Мы все вздрогнули. «Студент» даже поперхнулся и, согнувшись к земле, стал кашлять.
Солдат, прожевав кусок, начал ругаться.
— Собачья ты душа, чтоб те треснуть, как сухой колоде! Шкуру, что ли, мы с тебя сдерем? На кой она нам нужна? Дурье твое рыло, поганый дух! На-ко! — вооружился и палит в людей! Анафема ты…
Он ругался и ел, отчего ругань его теряла выразительность и силу…
— Погоди, вот мы поедим, так рассчитаемся с тобой, — зловеще пообещал «студент».
Тогда в тишине ночи раздались воющие рыдания, испугавшие нас.

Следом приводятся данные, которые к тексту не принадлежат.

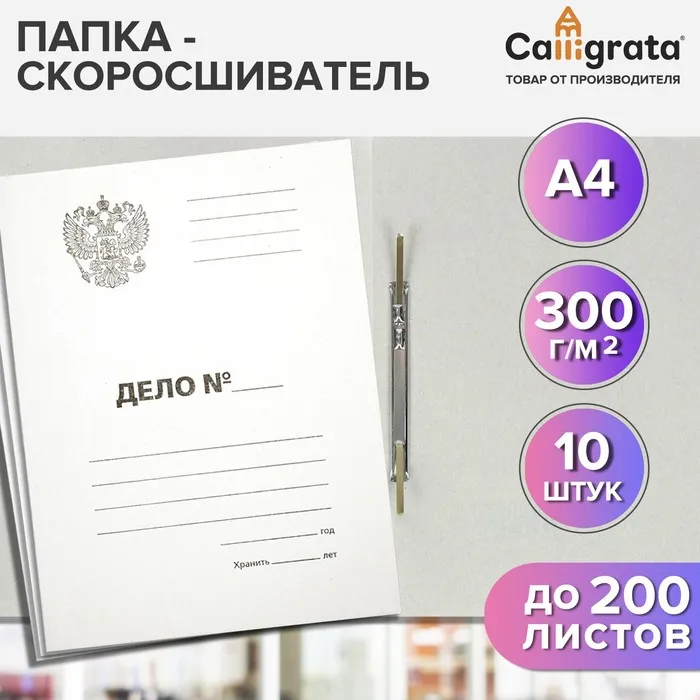 Скоросшиватель, пробитый Calligrata "Дело" формата А4 станет надёжным помощником в работе. Папка размером 310*220 мм изготовлена из немелованного картона плотностью 300 г/м2. Обложка изделия - белая с полями для надписей. Ширина корешка 30 мм. Механизм скоросшивателя позволяет надежно зафиксировать бумагу для организации хранения и транспортировки.

— Братцы… разве я знал? Стрелял… потому что боюсь. Иду из Нового Афона… в Смоленскую губернию… господи! Лихорадка смаяла… как солнце зайдет — беда моя! От лихорадки и с Афона ушел… столярил там… столяр я… Дома жена… две девочки… три года четвертый не видал их… братцы! Всё ешьте…
— Съедим, не проси, — сказал «студент».
— Господи боже! кабы я знал, что вы мирные, хорошие люди… разве бы я стал стрелять? А тут, братцы, степь, ночь… виноват я?
Он говорил и плакал, вернее — издавал дрожащий, пугливый вой.
— Вот скулит! — презрительно сказал солдат.
— У него должны быть деньги с собой, — заявил «студент».
Солдат прищурил глаза, посмотрел на него и усмехнулся.
— А ты — догадливый… Вот что, давайте-ка костер запалим, да и спать…
— А он? — осведомился «студент».
— А черт с ним! Жарить нам его, что ли?
— Следовало бы, — сказал «студент», качнув своей острой головой.
Мы сходили за набранными нами материалами, которые бросили там, где остановил нас столяр своим окриком, принесли их и скоро сидели вокруг костра. Он тихо теплился в безветренную ночь, освещая маленькое пространство, занятое нами. Нас клонило ко сну, хотя мы все-таки могли бы еще раз поужинать.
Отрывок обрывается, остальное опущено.